The Beistle Company
- Industry: Manufacturing Distribution
- Founded: 1900; 126 years ago
- Founders: Martin Luther Beistle
- Headquarters: Shippensburg, Pennsylvania, U.S.
- Key people: Henry E. Luhrs
- Website: beistle.com

= The Beistle Company =

Manufacturing company

The Beistle Company, or simply Beistle, is an American company known for manufacturing holiday decorations and party goods, and particularly known for its catalog of Halloween decorations. Beistle was founded in 1900 in Pennsylvania by Martin Luther Beistle, who created the company after being inspired by his experiences as a calendar salesperson and his exposure to a form of paper craft during a visit to Germany.

Beistle's line of Halloween-themed products, which was introduced in the 1920s, helped to popularize Halloween decoration in the United States. The Beistle Company is the oldest continuing manufacturer of decorations and party goods in the U.S.

==History==
Around 1900, Martin Luther Beistle worked as a salesperson for the Pittsburgh Art Calendar Company. While in hotels showcasing his calendars, his customers commented about the lobby plants requiring water; this gave him the idea to create artificial plants made from paper, as that would eliminate the need to water them. During a visit to Heidelberg, Germany, Beistle observed a honeycombing technique which inspired him to create a line of honeycombed tissue paper decorations and products.

Beistle founded the Beistle Company in 1900 in Pittsburgh, Pennsylvania in the basement of his home, where he made artificial flowers and wooden products, and the company's facilities soon expanded to the small town of Oakville, Pennsylvania. The company was incorporated in 1907, and its manufacturing center was moved to the second floor of a wagon shop. The company then expanded further, eventually moving to larger facilities in Shippensburg, Pennsylvania. In 1910, Beistle imported the technology to produce honeycomb tissue—which was previously only available in Europe and Asia, with Germany serving as a popular source for such materials—to the United States. Beistle also acquired numerous patents, adding to the company's success.

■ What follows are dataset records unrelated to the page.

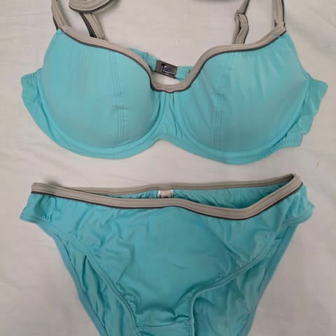 Myydään yhden kerran käytetyt siistit kauniit bikinit.Bikinit on pesty ja ei ole ollut eläin taloudessa.Olkaimet voi irrottaa.Bikinit on Lehmossa.
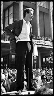 In all these events, Savio played no small part in the theater of protest. It was he who first mounted the roof of the police car, taking off his shoes so as not to dent it–a quite sincere act of decorum, though not one that prevented him from comparing the police to Adolph Eichmann (they all “had a job to do”). It was Savio who, before the sit-in, famously urged students to put their “bodies upon the gears and upon the wheels, upon the levers, upon all the apparatus, and…make [the machine] stop”–updating Luddism for the age of the Organization Man. And it was Savio who, at the Greek Theatre, publicly offered his own body to the cause, making his “machine” speech seem much more than mere metaphor.
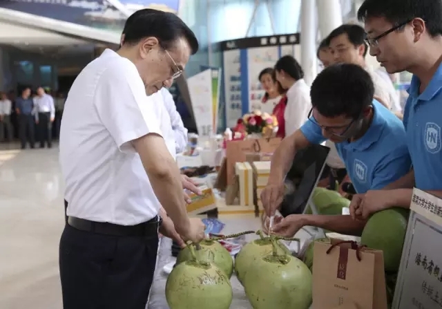 李克強(qiáng)3月22日在三亞市民游客中心考察海南創(chuàng)意旅游紀(jì)念品展區(qū)時(shí),看到一些包括大學(xué)生在內(nèi)的年輕人正在展示用當(dāng)?shù)剞r(nóng)產(chǎn)品和特色原材料制作的旅游紀(jì)念品?偫矸Q贊他們富有創(chuàng)意,小商品可以打造未來(lái)的大希望。他強(qiáng)調(diào),發(fā)展新經(jīng)濟(jì)、培育新動(dòng)能是遵循新發(fā)展理念、適應(yīng)經(jīng)濟(jì)發(fā)展新常態(tài)的必然選擇,也可以為改造提升傳統(tǒng)動(dòng)能創(chuàng)造必要和有利條件。
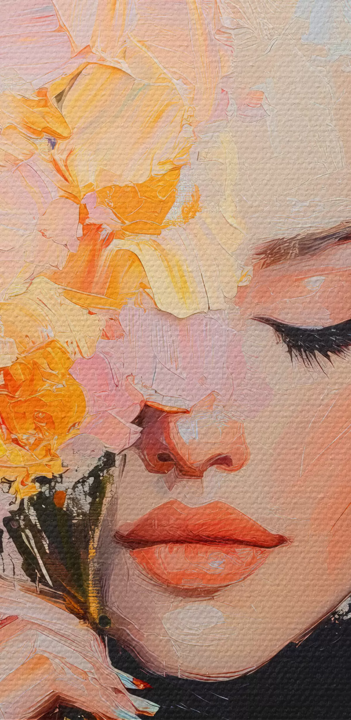 Vászonkép Absztrakt nő egy csokor virággal a kezében ecsetvonásokkal Nr s41355
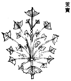 禹锡云:按《蜀本图经》云:此生水中。叶名荷,圆径尺余。《尔雅》云:荷,芙蕖。其茎茄,其叶蕸,其本蔤,其华菡萏,其实莲,其根藕,其中的,的中薏是也。《尔雅》释曰:芙蕖,其总名也,别名芙蓉,江东呼荷。菡萏,莲叶也。的,莲实也。薏,中心也。郭云:蔤,下5白蒻在泥中者。今江东人呼荷叶6为芙蓉,北方人便以藕为荷,亦以莲为荷。蜀人以藕为茄,或用其母为华名,或用根子为母叶号。此7皆名相错,习俗传误,失其正体也。陆机疏云:莲,青皮里白,子为的,的中有青为薏,味甚苦,故俚语云苦如薏,是也。
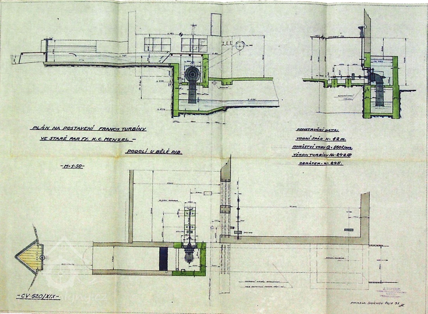 PopisV roce 1930 byla v papírně 1 Girardova turbína, hltnost 0,53 m3/s, spád 4,25 m, výkon 22,52 HP

In the 1920s, Beistle partnered with the Paper Novelty Company to create a variety of paper decorations for holidays such as Valentine's Day, Easter, Halloween, Thanksgiving, and Christmas, with the Halloween decorations being the first seasonal decorations to be added to Beistle's catalog. In the late 1920s and early 1930s, the Beistle Company released fortune-telling games as entertainment for Halloween parties, and these games have since become popular with collectors. Beistle has produced over 1,000 different Halloween-themed designs and decorations since the line was first introduced, and the inexpensiveness and availability of the products helped to popularize Halloween decoration in the U.S. Creepy Company, founded in 2015, has produced apparel, enamel pins, and other products based on Beistle designs under the company's license.

Martin Luther Beistle died in 1935, and passed ownership of the company on to his son-in-law Henry E. Luhrs and his family.

==In popular culture==
In 2017, the American heavy metal band Acid Witch released the song "Mr. Beistle", which makes references to Martin Luther Beistle and the Beistle Company, on their album Evil Sound Screamers.